Subsidizing the Press
Information is the lifeblood of a free society, and the professional press is a crucial source of information. For many years, the positive externalities from investigative and beat reporting were cross-subsidized by robust advertising and subscription revenue. Yet the professional press is experiencing a severe economic crisis, and news organizations across the nation are on the brink of insolvency. When an activity that generates positive externalities is undersupplied, the textbook policy response is a government subsidy. Yet if the press becomes financially dependent on the government, would they be deterred from monitoring and criticizing the government?
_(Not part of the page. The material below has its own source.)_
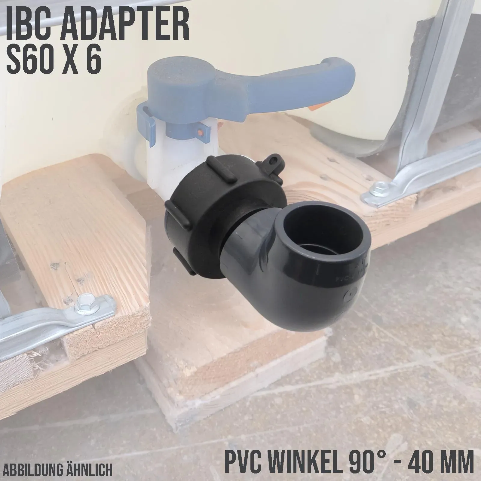 Sofort verfügbar, Lieferzeit: 1-3 WerktageDeinSchlauch24 IBC Container Anschluss Adapter Set S60 x 6 -> 40 mm PVC Winkel 90

If so, the subsidy would undercut the very social benefits it is meant to preserve.
In response to this conundrum, this Article proposes a three-part analytical framework for evaluating press subsidies. The first step is to assess how effectively the subsidy safeguards press independence, including the extent to which the First Amendment helps to achieve this goal. The second criterion, which this Article calls “focus,” gauges how effectively a subsidy channels resources to externality-generating activities, as opposed to other uses. For example, a subsidy that induces press organizations to hire more reporters is superior to one that can be used, instead, to fund pay raises for the advertising staff or more attractive office space. The third criterion is political plausibility. How likely is a subsidy to attract political support? And how much political support does it need? One that can be implemented under current law, for example, requires less political support than one that depends on broad new legislation.
Based on this framework, the principal recommendation of this Article is for news organizations to make greater use of the nonprofit form. By providing a subsidy through the charitable deduction, we would not empower the government to choose how much funding to allocate to each news organization. Instead, the charitable deduction allows the government to piggyback on the judgments of private donors about which charities to support. In addition, this subsidy is feasible politically since it already can be used, to a significant extent, under current law. This Article also considers four alternative subsidy structures, highlighting their strengths and weaknesses and showing the tradeoffs they present.